Choctaw considers limiting public comments
City Council debates meeting restrictions for non-residents
At last week’s regular meeting, Choctaw City Council weighed the possibility of limiting public comments to residents of the city.
Some city officials say they hope to limit public comments to residents and people doing business in or with the City of Choctaw, and only allow comments from visitors with City Council approval.
“I want to hear from the people of Choctaw,” said mayor Randy Ross. “I want to hear from the people I represent.”
The city currently limits public comments to three minutes per speaker on items not included on that night’s agenda. Time is allotted at the beginning of each meeting for these comments.
Any other comments from the public must be made during public hearings scheduled on the agenda.
Members of the public hoping to speak must fill out a form listing their name and home address.
Mayor Ross didn’t find unanimous support for the agenda item he requested for the Jan. 17 agenda as the council seemed divided in discussions that will continue at the next meeting.
City Councilman Chad Williams didn’t show support for more restrictive public comment rules, and spoke in opposition of the standing restrictions.
If there’s no public hearing on an agenda item then the public isn’t allowed to comment on the subject under the current rule, explained Williams.
“This particular resolution isn’t a public hearing so there’s no public comment allowed about this resolution,” said Williams. “This doesn’t make any sense.”
Some city officials say public comments aren’t required at these meetings, and the proposed rule change has been inspired by recent changes in other cities to limit detractors.
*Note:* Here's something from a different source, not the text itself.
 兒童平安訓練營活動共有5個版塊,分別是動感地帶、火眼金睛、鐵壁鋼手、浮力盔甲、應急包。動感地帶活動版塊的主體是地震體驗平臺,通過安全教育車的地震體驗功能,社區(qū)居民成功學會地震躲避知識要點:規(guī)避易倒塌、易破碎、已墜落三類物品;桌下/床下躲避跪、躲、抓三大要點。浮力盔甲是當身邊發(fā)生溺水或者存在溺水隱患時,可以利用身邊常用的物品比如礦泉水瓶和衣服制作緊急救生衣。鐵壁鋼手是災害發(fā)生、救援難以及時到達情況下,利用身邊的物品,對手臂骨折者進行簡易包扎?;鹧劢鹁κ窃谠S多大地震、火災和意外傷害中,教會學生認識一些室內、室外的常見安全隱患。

Last month Midwest City moved to make a rule change, like the one Choctaw is contemplating, after a six-hour meeting related to the Oklahoma County Criminal Justice Advisory Council.
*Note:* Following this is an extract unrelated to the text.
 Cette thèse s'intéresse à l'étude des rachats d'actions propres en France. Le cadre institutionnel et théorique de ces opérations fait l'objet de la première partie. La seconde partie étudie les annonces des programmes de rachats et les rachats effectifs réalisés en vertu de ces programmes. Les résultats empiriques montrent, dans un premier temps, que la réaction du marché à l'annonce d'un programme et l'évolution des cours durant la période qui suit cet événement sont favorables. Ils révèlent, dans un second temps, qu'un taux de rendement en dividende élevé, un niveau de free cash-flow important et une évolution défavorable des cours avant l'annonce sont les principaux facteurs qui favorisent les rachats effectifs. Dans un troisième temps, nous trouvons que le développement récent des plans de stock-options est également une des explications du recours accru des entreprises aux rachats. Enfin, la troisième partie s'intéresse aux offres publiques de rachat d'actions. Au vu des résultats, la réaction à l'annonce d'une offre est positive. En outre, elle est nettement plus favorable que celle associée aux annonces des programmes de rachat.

The only long-time members of Choctaw City Council in attendance, mayor Ross and City Councilman Steve Krieske, referenced past meetings when protestors held up city business for hours.
Two recent periods when Choctaw City Council meetings were taken up by vocal protestors was when the Kickapoo Turnpike was announced and when COVID-19 regulations were being discussed.
“We had protestors from everywhere when there was a turnpike being built that didn’t even touch our city limits,” said Ross. “Then we moved to the mask debate.”
Krieske agreed aggressive outside voices had previously taken up time and energy of Choctaw officials meant for residents of the city.
“During the turnpike discussions we had folks come in from all different directions, and they were nothing but divisive,” said Krieske. “They have a voice, but it’s in their own town’s city council meetings.”
City Councilwoman Donna Morris joined Williams in opposition.
“I honestly don’t see a precedent for this. To be clear, we’ve never discussed this as a council. This was brought up to be put on the agenda as a discussion item at our last meeting. I think we need more discussion on this subject,” said Morris. “The turnpike and the pandemic are extreme examples. I think it’s important to hear from the public, and I believe our three-minute rule will suffice.”
Williams moved to table any action until the first meeting of February.
Councilman Brent Pendergraft seconded the motion, and no one opposed meaning the discussion and any possible action will continue Feb. 7 at Choctaw City Hall.